Il 16 settembre del 1930 Freud scrive a Ferenczi: “Le sue nuove idee sulla frammentazione traumatica della vita mentale mi sembrano brillanti e hanno qualcosa della grandezza della teoria genitale.” 
Nella teoria genitale, nota con il nome di Thalassa, l’autotomia (auto-scissione) era stata riconosciuta da Ferenczi come il prototipo biologico della rimozione e identificata con l’istinto di morte postulato da Freud in Al di là del principio di piacere. Ferenczi vi ritorna sopra nel saggio Il problema dell’affermazione del dispiacere (1926), che segna l’inizio di una riflessione su meccanismi psichici più primitivi della rimozione e in cui ipotizza che l’eliminazione di parti di sé possa essere il frutto di un rapido calcolo per salvarsi la vita. Questa intuizione verrà ulteriormente articolata dopo la svolta degli anni 1929-1930, quando incomincia a pensare al trauma psichico come un’esperienza annichilente, una vera e propria “morte”, anche se parziale, che comporta la distruzione di parti di sé, le quali diventano “insensibili”. È una svolta accompagnata da un modo nuovo di stare nella regressione, di accogliere il dolore psichico e di immergersi nella riproduzione dei traumi infantili. Ferenczi abbandona allora il vocabolario freudiano, non parla più di “dispiacere” ma di sofferenza e dolore, mentre una nuova metapsicologia si spalanca davanti a lui, quella della frammentazione della vita psichica, che trova una sua prima formulazione nell’articolo del 1931 Analisi infantile con gli adulti. “Tutto avviene”, Ferenczi vi scrive, “come se, sotto la minaccia di un pericolo imminente una parte di noi si scindesse sotto forma di istanza psichica di auto-osservazione per essere d’aiuto, magari già nella prima o primissima infanzia”. È qui che troviamo la prima concettualizzazione dell’insensibilità traumatica, come prodotto della scissione in una parte che “conosce tutto” ma “non sente nulla” e una parte senziente ma “brutalmente distrutta”. L’anno seguente, nel Diario clinico, annoterà: “La persona si scinde in un essere psichico puramente conoscitivo, che osserva gli avvenimenti dal di fuori e in un corpo totalmente insensibile”.
Giudicate eretiche, le nuove “brillanti” [geistreich] visioni di Sándor  Ferenczi (1873-1933) sono state a lungo bandite dall’insegnamento della psicoanalisi, riprendendo a circolare solo grazie alla coraggiosa pubblicazione del Diario clinico, nel 1985. Nonostante il perdurare della convinzione che le sue innovazioni fossero l’esito di una grave malattia mentale (come Ernest Jones asserì nel terzo volume della Vita e opere di Freud), questa data segna anche l’inizio di un “Rinascimento ferencziano” che si è diffuso e consolidato nel corso di anni caratterizzati da un lato dal declino della metapsicologia freudiana e della teoria clinica basata sulla rimozione, e dall’altro dal successo del modello della dissociazione, spesso presentato come bandiera dell’approccio cognitivista al trauma. Per queste ragioni abbiamo voluto celebrare i 150 anni della nascita di Sándor Ferenczi (1873-1933) con un convegno dedicato al tema della “frammentazione della via psichica”.

 

Invitiamo pertanto tutti gli psicoanalisti interessati ad inviare una proposta di relazione su questo tema, di almeno 500 parole, all’indirizzo sipepsf@gmail.com entro il 31 dicembre 2022.

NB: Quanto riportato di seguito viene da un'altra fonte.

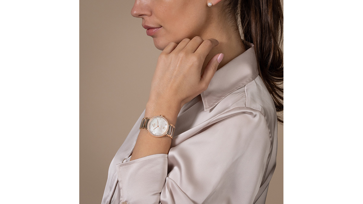 ケース、リュウズ、針、ブレスレットにはローズゴールドを採用し、モダンな印象を際立たせるカラーリングが特徴。
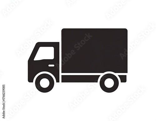 Black delivery truck icon against white background, simple design

Le relazioni possono essere di carattere storico, teorico o clinico. Il convegno avrà due sessioni plenarie e due sessioni parallele, per poter accogliere il maggior numero possibile di proposte.


Carlo Bonomi (Presidente dell’International Sándor Ferenczi Network)
Franco Borgogno (Vincitore nel 2010 del Mary Sigourney Award)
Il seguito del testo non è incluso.